Since I was so late to training dogs, I‘m going to pique the interest of my grandchildren early. This is Charlotte:






They so love Logan. Both the girls (Grace, 9 and Charlotte, 7 years old) can get him to listen pretty well. Adler (5) is still a work in process.


----------



## cwag (Apr 25, 2017)

Cute. I love the way she rewards him.


----------



## diane0905 (Aug 20, 2010)

cwag said:


> Cute. I love the way she rewards him.


I told her she really needs to let him know he did a good job. She’s a sweetie.


----------



## GoldenDude (Nov 5, 2016)

diane0905 said:


> Since I was so late to training dogs, I‘m going to pique the interest of my grandchildren early. This is Charlotte:
> 
> 
> 
> ...


That’s adorable! Grandkids are the best.


----------



## JerseyChris (10 mo ago)

That is precious.. Logan is such a wonderful boy..


----------



## DblTrblGolden2 (Aug 22, 2018)

And that is why Goldens and kids are the best


----------



## chelseah (Dec 8, 2020)

How adorable!


----------



## diane0905 (Aug 20, 2010)

GoldenDude said:


> That’s adorable! Grandkids are the best.


They are! I’m really enjoying them so much.


----------



## diane0905 (Aug 20, 2010)

JerseyChris said:


> That is precious.. Logan is such a wonderful boy..


He enjoys life so much!


----------



## diane0905 (Aug 20, 2010)

DblTrblGolden2 said:


> And that is why Goldens and kids are the best


He’s so good with them. Even when he was doing the over excited thing for a while, he’s always been gentle with children. They ask all the time when we are hiking if they can pet him. He loves it.


----------



## Ontariodogsitter (Feb 23, 2020)

Brilliant way to start children (grandchildren) in the dog training world.
They will absolutely treasure the memories and grandparents are earning extra points...


----------



## laurab18293 (Oct 6, 2021)

so adorable!


----------



## diane0905 (Aug 20, 2010)

Ontariodogsitter said:


> Brilliant way to start children (grandchildren) in the dog training world.
> They will absolutely treasure the memories and grandparents are earning extra points...

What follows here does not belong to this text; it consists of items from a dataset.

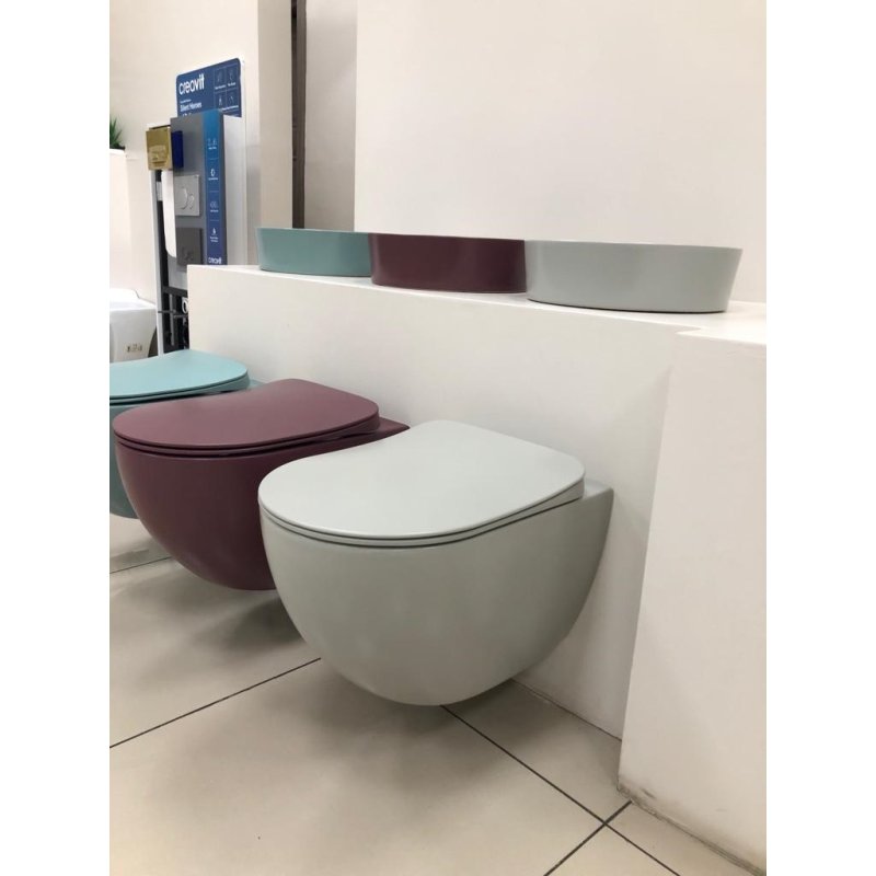 Подвесной безободковый унитаз Creavit Free в холодно-сером матовом цвете — современный и практичный выбор для стильной ванной комнаты. Выполнен из прочного экологичного фарфора с антигрязевым, антибактериальным и водоотталкивающим покрытием с ионами серебра, которые уничтожают до 99,9% микробов, обеспечивая максимальную гигиену. Благодаря технологии кругового смыва вся поверхность чаши очищается одним нажатием, без пропусков.
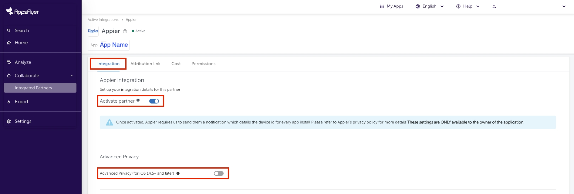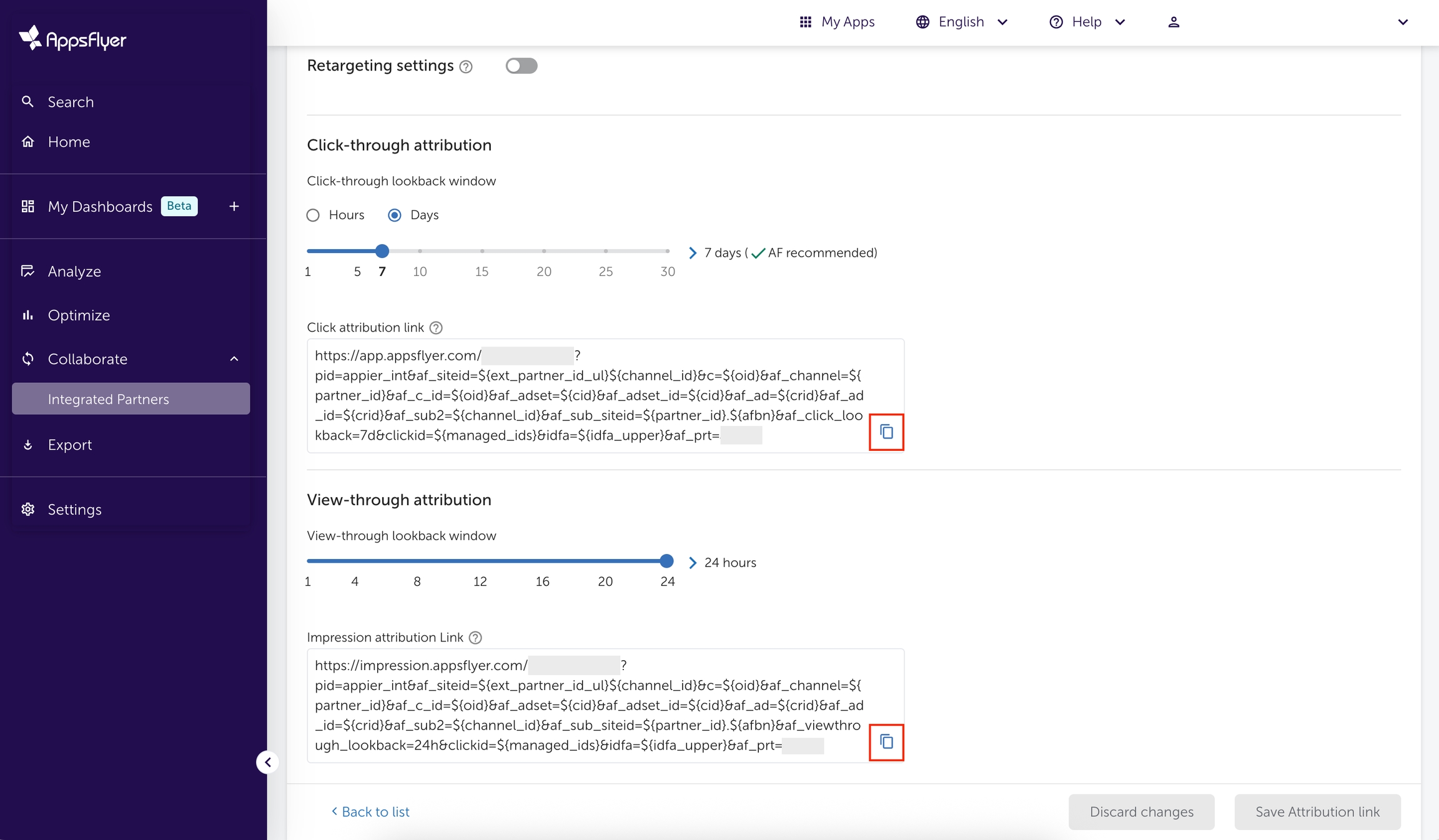 「コスト API」または「高プライバシー一括設定」モードを使用する場合、c、af_c_id、af_adset、af_adset_id、af_ad、およびaf_ad_id パラメータに特定の値を設定しないでください。
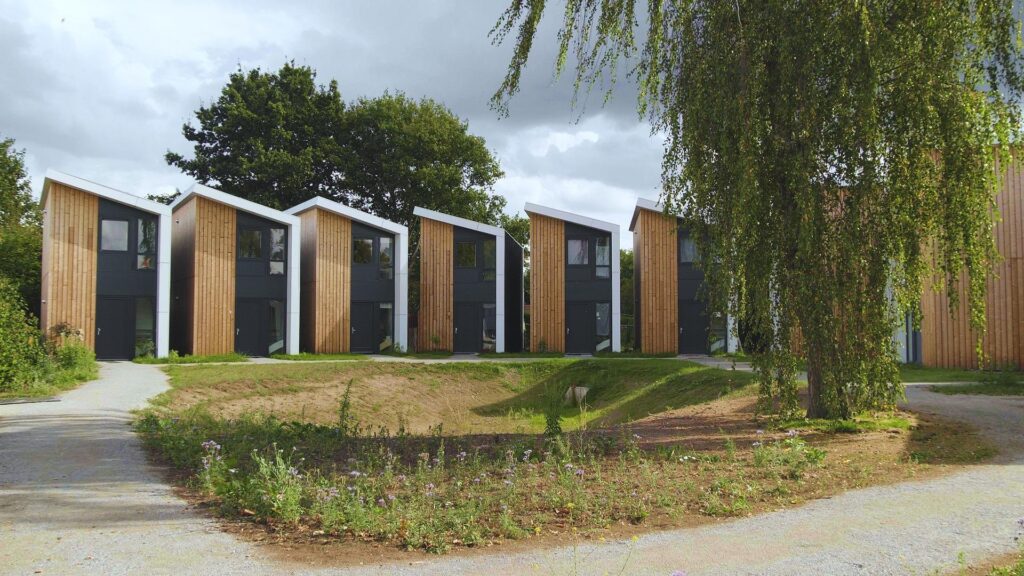 De woning staat op een project van tien woningen: tien duurzame, kleinere, prefab woningen. Energieneutraal en sommige nul-op-de-meter. Prefab houtbouw,...
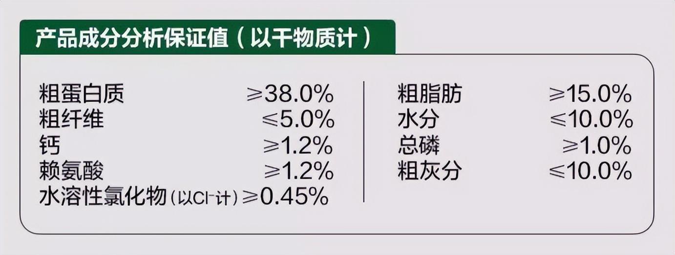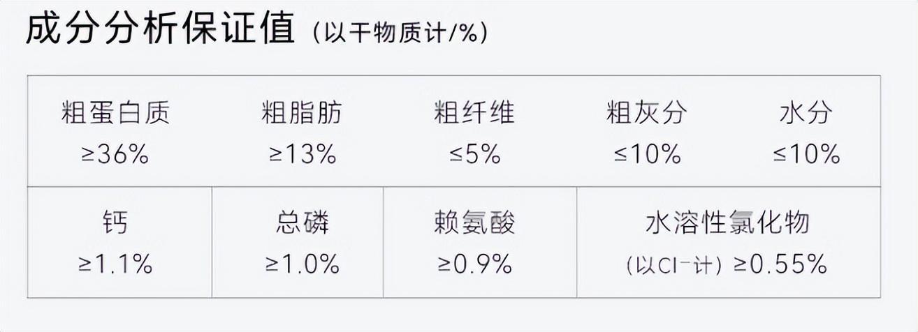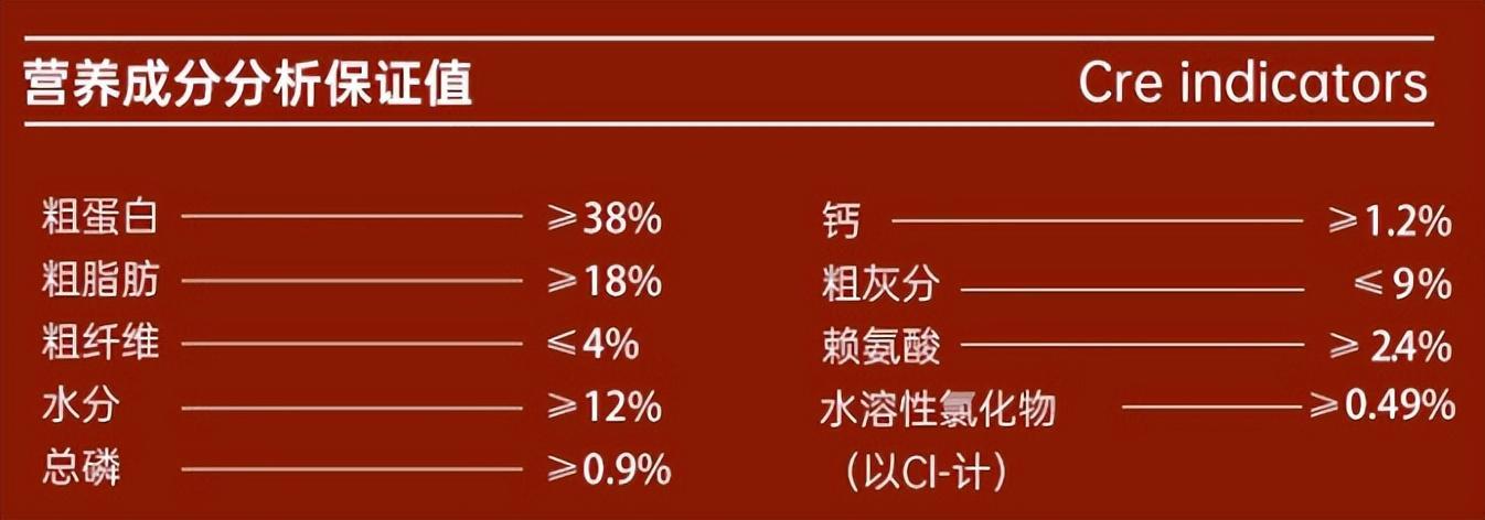 鴨肉粉10%、三文魚粉10%、冷凍三文魚10%、冷凍羊肉10%、冷凍鴨肉8%羊肉粉8%、馬鈴薯粉、木薯粉、豌豆、雞油、啤酒酵母粉、冷凍雞肉2%魚油2%、胡蘿蔔粉、蘋果乾、凍幹三文魚0.5%、纖維素、絲蘭粉、枸杞子金銀花、綠脣貽貝粉0.2%、蘆薈幹、褐藻粉0.2%
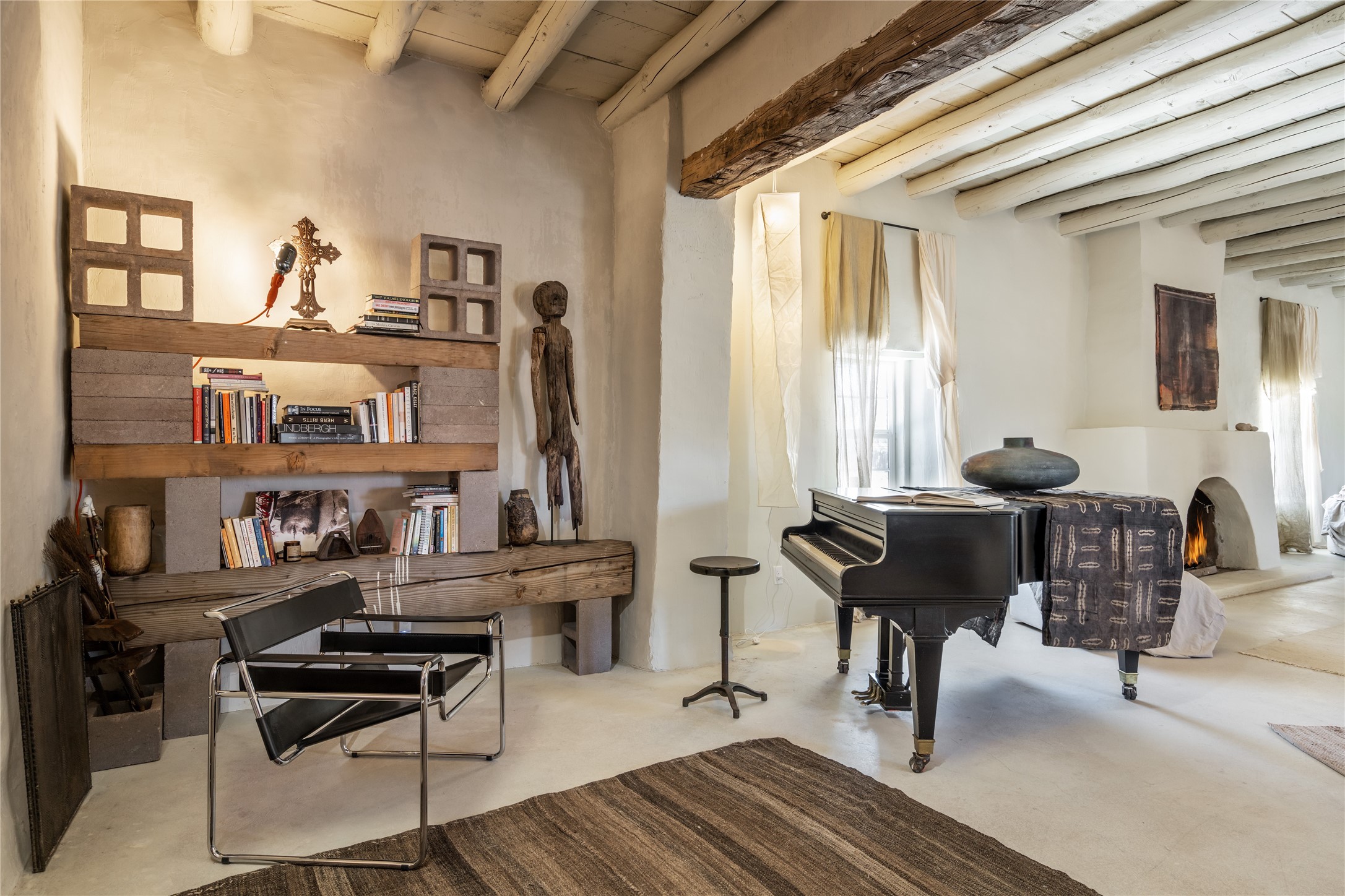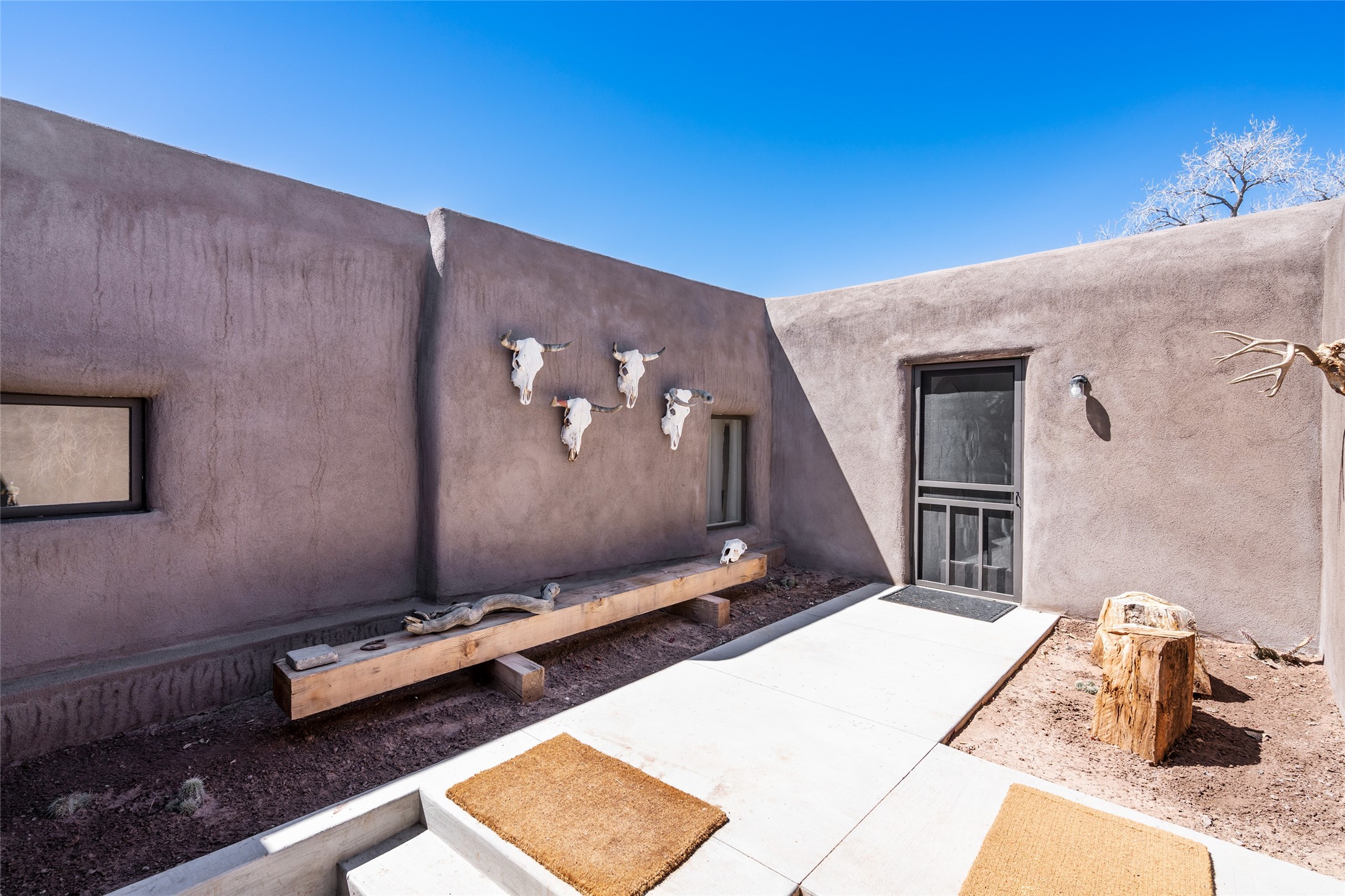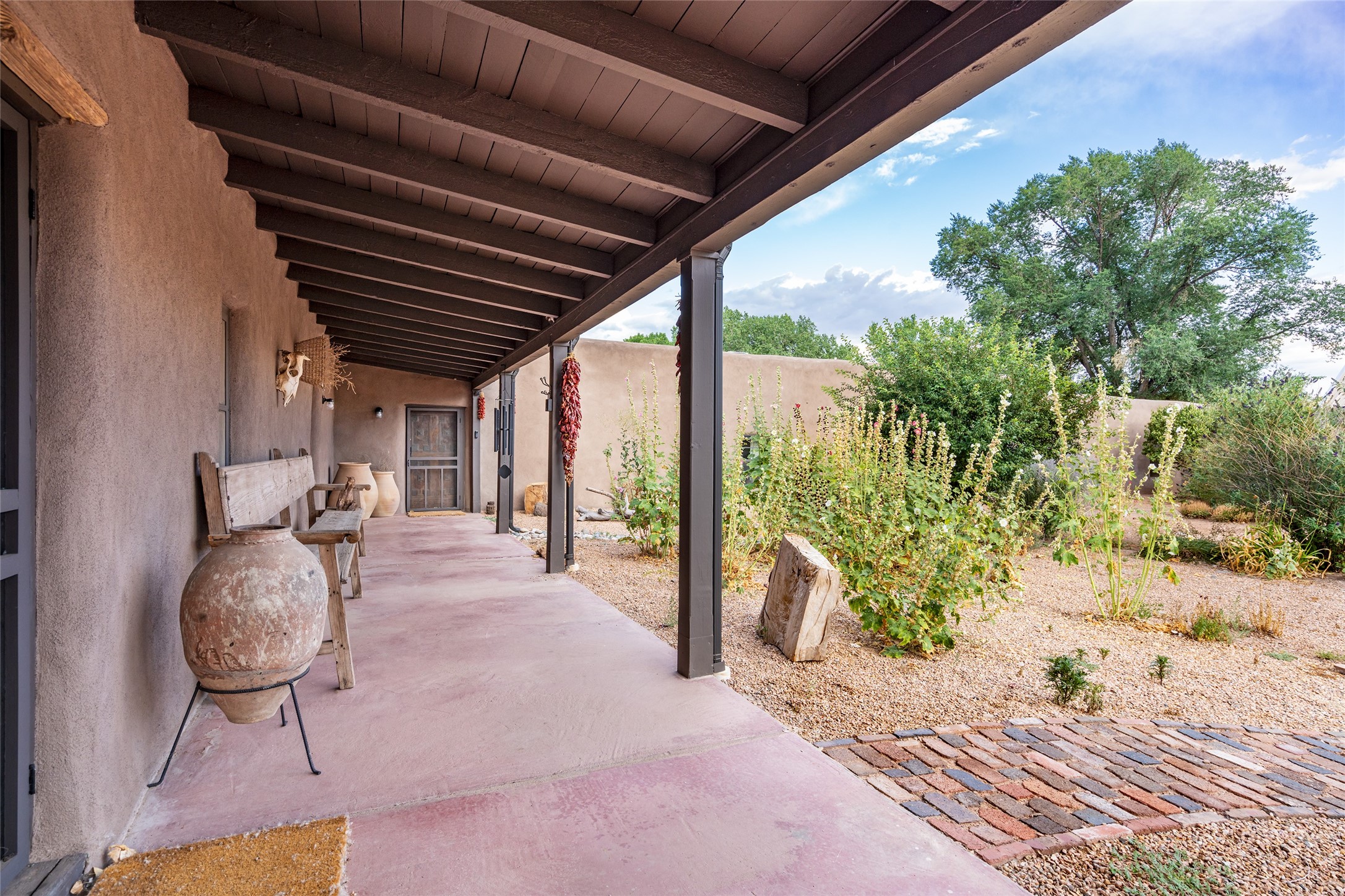 The stunning property at 4 Magdalen lies along the Galisteo Creek and is said to include the oldest home in the historic village. Previously owned by one of the founding families of Galisteo, it has been reverently renovated by the current owner who fell in love with the home, just like you will. The landmark home was partially built in the 1700s in the traditional pueblo style with adobe and rock walls, and viga ceilings. The collaborative remodel by the current owner and designer Patricia Larsen incorporates nature and light for a minimalist vibe. You enter the home under an expansive portal facing the courtyard that offers respite from the sun. The split floor plan includes 3 bedrooms, 2.5 baths, a guest kitchenette, versatile spaces that can be used for a home office or gym, a 2-car garage, and a grand room superb for entertaining. If you are looking for a zen experience when bathing, the primary bathroom is perfect with fixtures designed by John Pawson of By Cocoon. The home features 4 fireplaces, high end Viking and SMEG appliances, and is completely updated with new roof, new stucco, new electrical, new plumbing, radiant heating, and refinished interior walls and floors, providing the feeling of an old adobe with all the modern luxuries of today. Spectacular details include a door with painted designs by Fremont Ellis, a founding member of Los Cinco Pintores, a Santa Fe modernist art society. The small 3 room building said to be the oldest home in Galisteo sits on the edge of the courtyard, has electric and 2 fireplaces - could be converted to host guests. Included in the sale is .66 acres that the home and well are on, a combined 3.46 acre set of parcels connecting the home to the Galisteo Creek, and a .85 acre parcel along Hwy 41 off of the front of the home that is commercially viable. This property is gorgeous, rich with heritage and unique in that it borders the Galisteo Creek, water in NM! Experience it today.

When they spend the night, to give my husband and myself some quiet time to watch a movie, I let them go back to our bedroom/get on our bed and watch an animated movie on my television. Logan always goes back there with them and lays on the foot of the bed. He won’t budge until they go to their own beds. I guess he feels like he’s taking care of them (or is one of them - ha!)


----------



## diane0905 (Aug 20, 2010)

laurab18293 said:


> so adorable!


Thank you!


----------